Dirk_Kaftan

Boito’s Nerone: een onvoltooide opus magnum?

Test : Peter Franken

In 2021 stond in Bregenz Arrigo Boito’s onvoltooide opera Nerone op het programma. Een opname hiervan is recent op dvd uitgebracht door het label Cmajor. De productie van Olivier Tambosi geeft een goed beeld van wat Boito’s magnum opus had moeten worden.

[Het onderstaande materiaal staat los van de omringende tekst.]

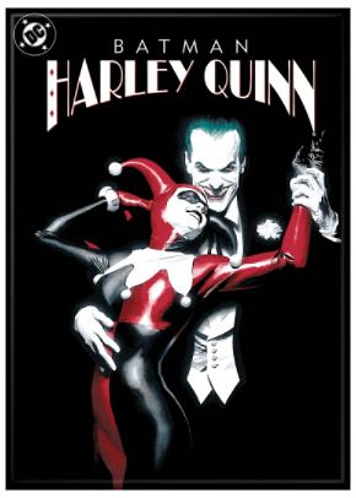 This is a licensed 2.5″ x 3.5″ magnet featuring the comic art images of the classic Harley Quinn being held by the Joker. It is new and unused and stored in a smoke and pet free environment.

Boito vatte reeds in 1860 het plan op een opera te schrijven over Nero tegen de achtergrond van de conflicten tussen het ‘heidense’ Rome met zijn veelgodendom en de joodse Jezussekte die aldaar voet aan de grond had gekregen. Toch zou het tot 1901 duren voor er eindelijk een libretto werd gepubliceerd, bestaande uit vijf aktes.

Bij Boito’s dood in 1918 waren de eerste vier aktes vrijwel voltooid en dankzij de inbreng van Toscanini kon een volwaardige versie uiteindelijk in 1924 in La Scala in première gaan. Door toedoen van de maestro bleef het werk daar een tiental jaren op het programma, elders werd het slechts zelden uitgevoerd.

Nerone, costume design for Nerone act 2 (1924)

Nerone paste uitstekend in de Bregenz traditie om vergeten en verwaarloosde grote werken nieuw leven in te blazen en na het succes van Alfano’s Amleto, waarvoor Boito het libretto schreef, heeft Tambosi zich nu ook aan Boito’s moeilijk uitvoerbare eigen compositie gewaagd. Het werd een qualified success.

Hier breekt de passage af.